PROBLEM:
In your copy, leave out the pictures and reproduce the listing below exactly.

COLLECTED MATERIAL:
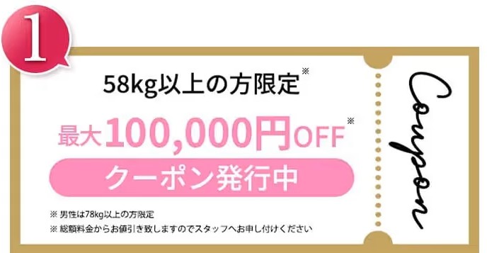 ![]() 15ヶ月分0円*1 1kg1万円で脂肪買取*1 モニター割最大80%OFF 58kg以上の方最大10万円OFF アンケート回答で5万円OFF ご来院で1000円分のアマゾンギフト券プレゼント |
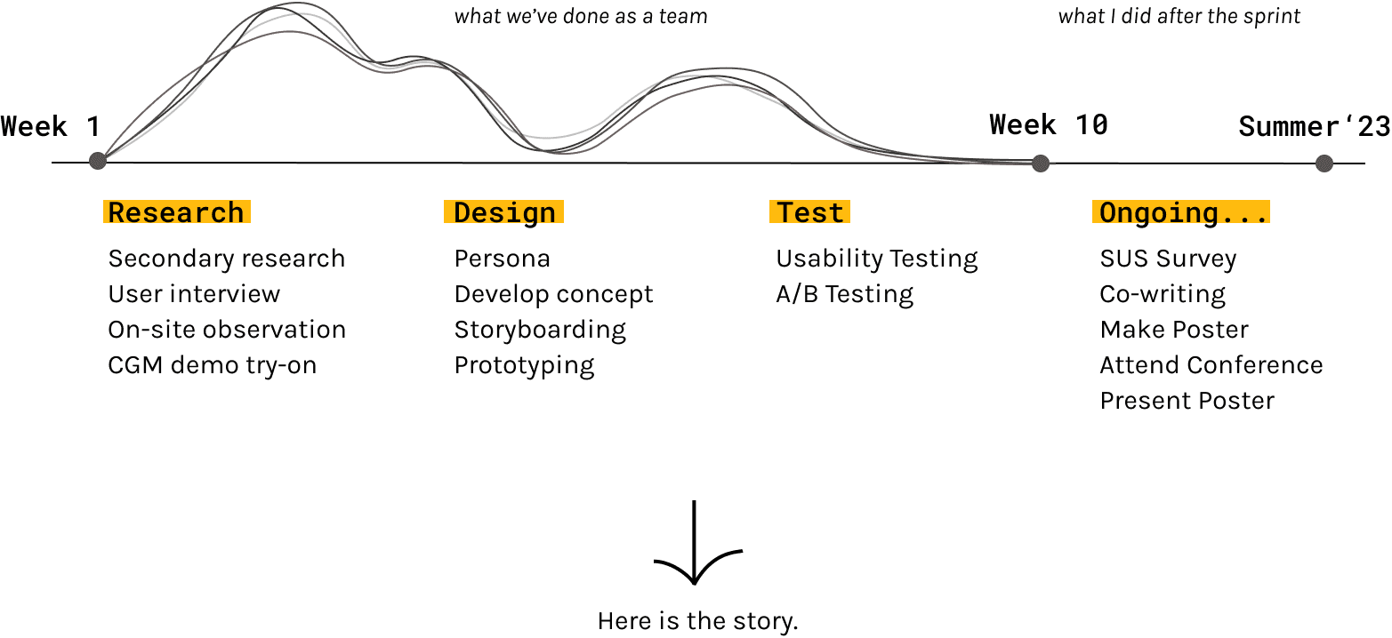 Here is a glance of our design journey, adopting the double diamond model. It helped us navigate in the diabetes world, understand our audience, define the right problem (so important), and come up with an impactful solution.
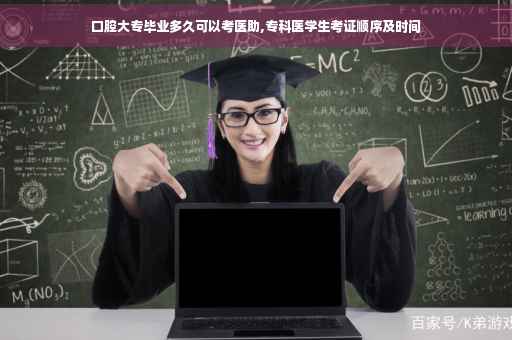 不管是大专毕业生,中专毕业生还是本科毕业生,都需要毕业后一年才可以报考执业医师资格证。其中,口腔医学大专毕业生和中专毕业生毕业一年后报考的是执业助理医师,口腔医学的本科生毕业一年后报考的口腔执业医师。这一年是需要一个正规口腔医疗机构给你开具一个试用一年的证明。
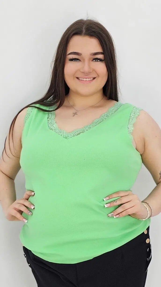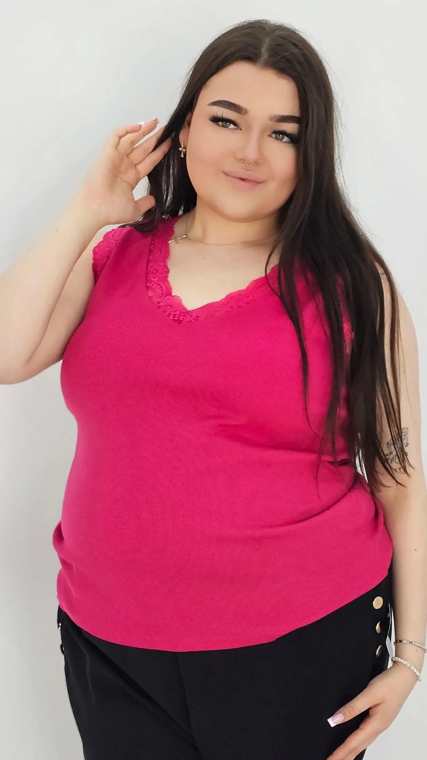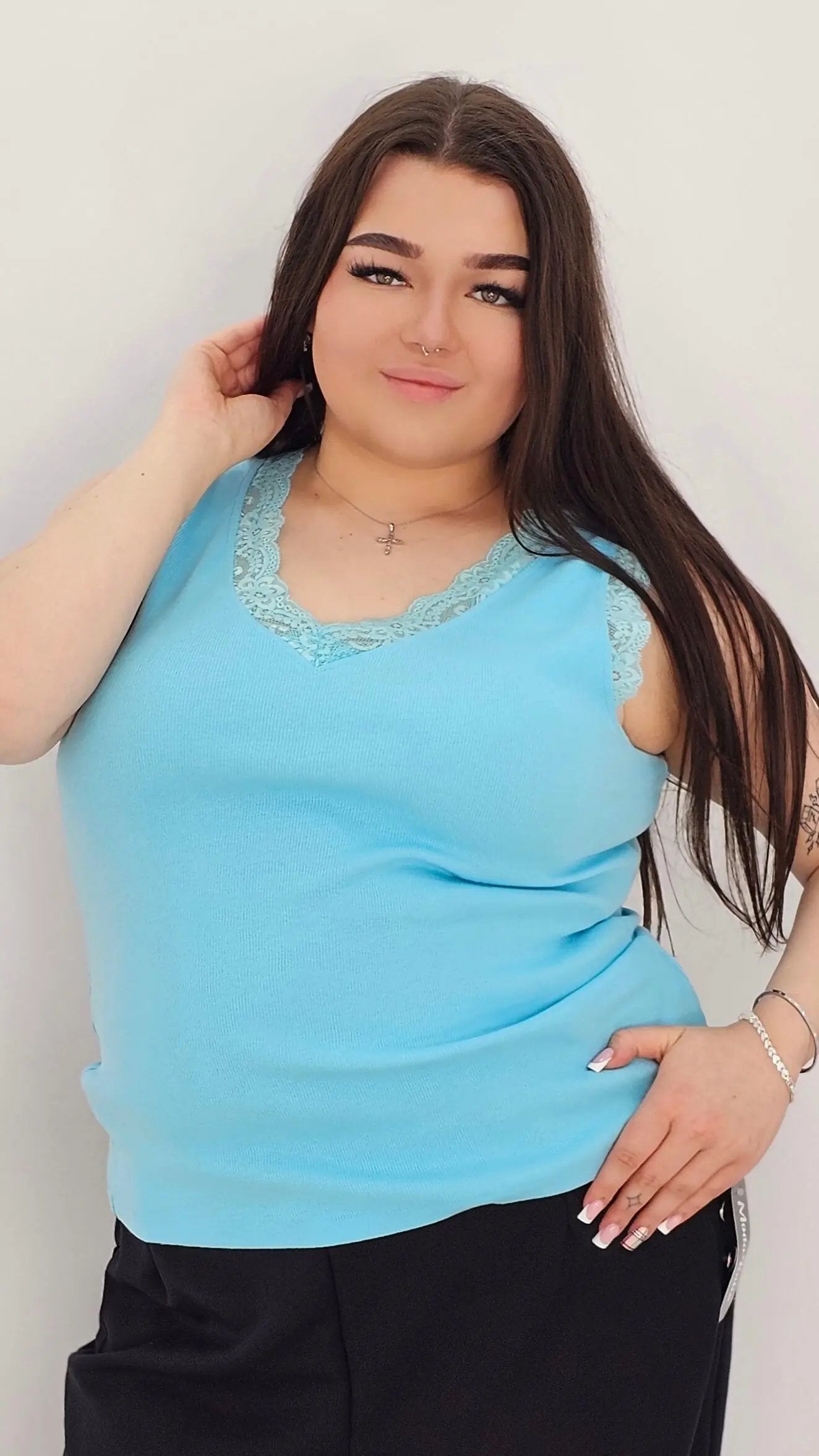Bluzka na Cienkich Ramiączkach z Dekoltem V i Koronkowymi Wykończeniami - różne kolory

FINISHED EXERCISE:
 ![]() 15ヶ月分0円*1 1kg1万円で脂肪買取*1 モニター割最大80%OFF 58kg以上の方最大10万円OFF アンケート回答で5万円OFF ご来院で1000円分のアマゾンギフト券プレゼント |
 Here is a glance of our design journey, adopting the double diamond model. It helped us navigate in the diabetes world, understand our audience, define the right problem (so important), and come up with an impactful solution.
 不管是大专毕业生,中专毕业生还是本科毕业生,都需要毕业后一年才可以报考执业医师资格证。其中,口腔医学大专毕业生和中专毕业生毕业一年后报考的是执业助理医师,口腔医学的本科生毕业一年后报考的口腔执业医师。这一年是需要一个正规口腔医疗机构给你开具一个试用一年的证明。
Bluzka na Cienkich Ramiączkach z Dekoltem V i Koronkowymi Wykończeniami - różne kolory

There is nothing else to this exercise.